• Work order: The output must consist only of the lines from the one with "Hard boiled apple flavoured rock candies." through the end of the listing, restated exactly and free of pictures.

• Provided data:

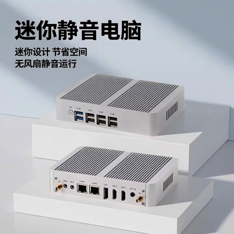 占美 12代N100mini小主机四核工控无风扇电脑办公家用广告机HT690
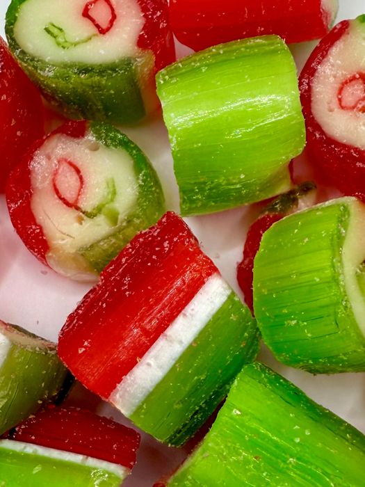 Hard boiled apple flavoured rock candies.
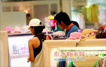 兩人在商場(chǎng)里悠閑漫步,先后去了三四家嬰兒用品柜臺(tái),挑選些小衣服,小奶瓶等嬰兒用品。夫妻二人在選購(gòu)過(guò)程中不時(shí)交流,挑選得十分仔細(xì)。雖然周圍的營(yíng)業(yè)員都在交頭接耳議論,似乎已認(rèn)出了陸毅和鮑蕾,但夫妻倆并未在意,只顧挑自己的東西。(小魚)
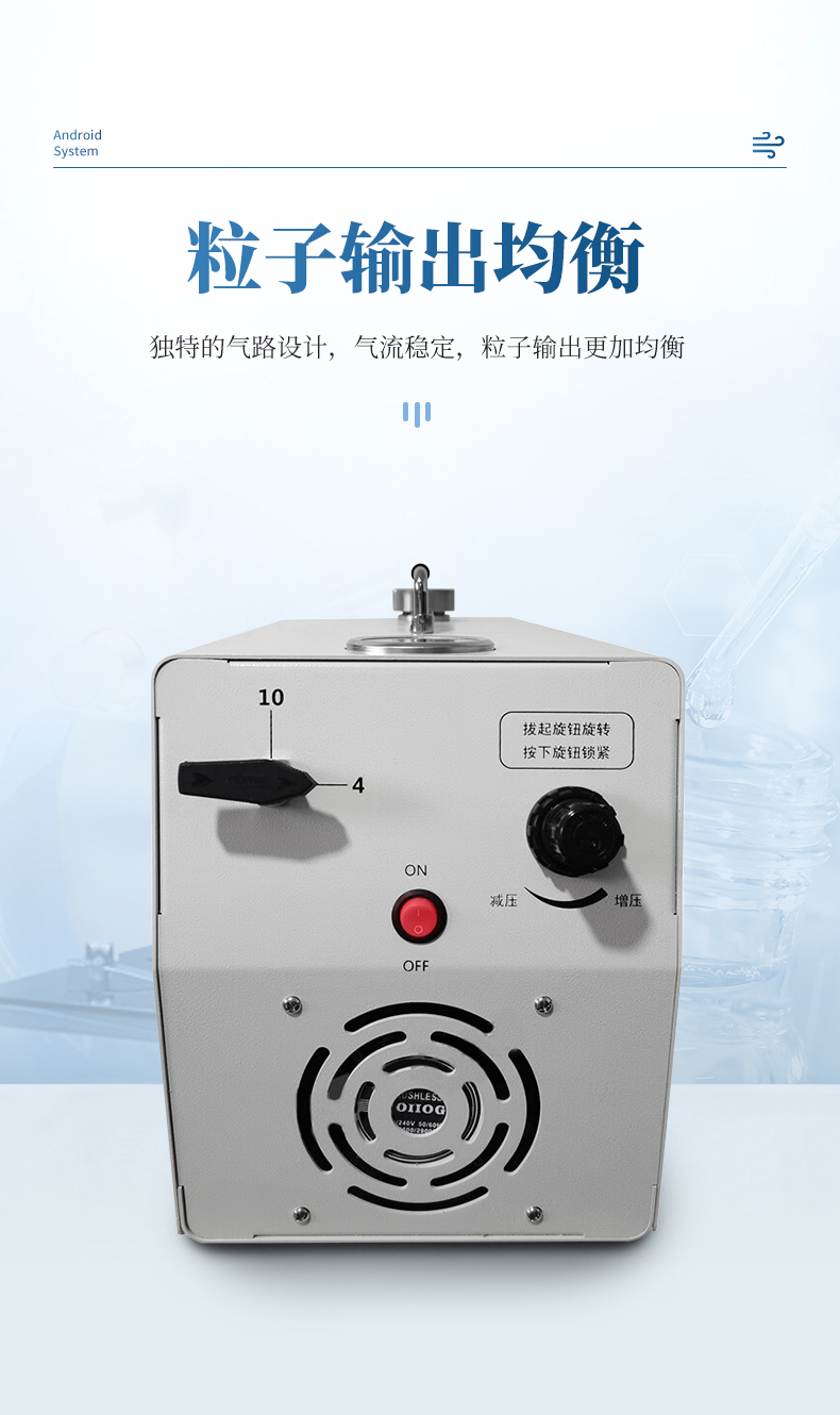 獨(dú)特的氣路設(shè)計(jì),氣流穩(wěn)定,粒子輸出更加均衡;

• Result for this exercise:
 Hard boiled apple flavoured rock candies.
 兩人在商場(chǎng)里悠閑漫步,先后去了三四家嬰兒用品柜臺(tái),挑選些小衣服,小奶瓶等嬰兒用品。夫妻二人在選購(gòu)過(guò)程中不時(shí)交流,挑選得十分仔細(xì)。雖然周圍的營(yíng)業(yè)員都在交頭接耳議論,似乎已認(rèn)出了陸毅和鮑蕾,但夫妻倆并未在意,只顧挑自己的東西。(小魚)
 獨(dú)特的氣路設(shè)計(jì),氣流穩(wěn)定,粒子輸出更加均衡;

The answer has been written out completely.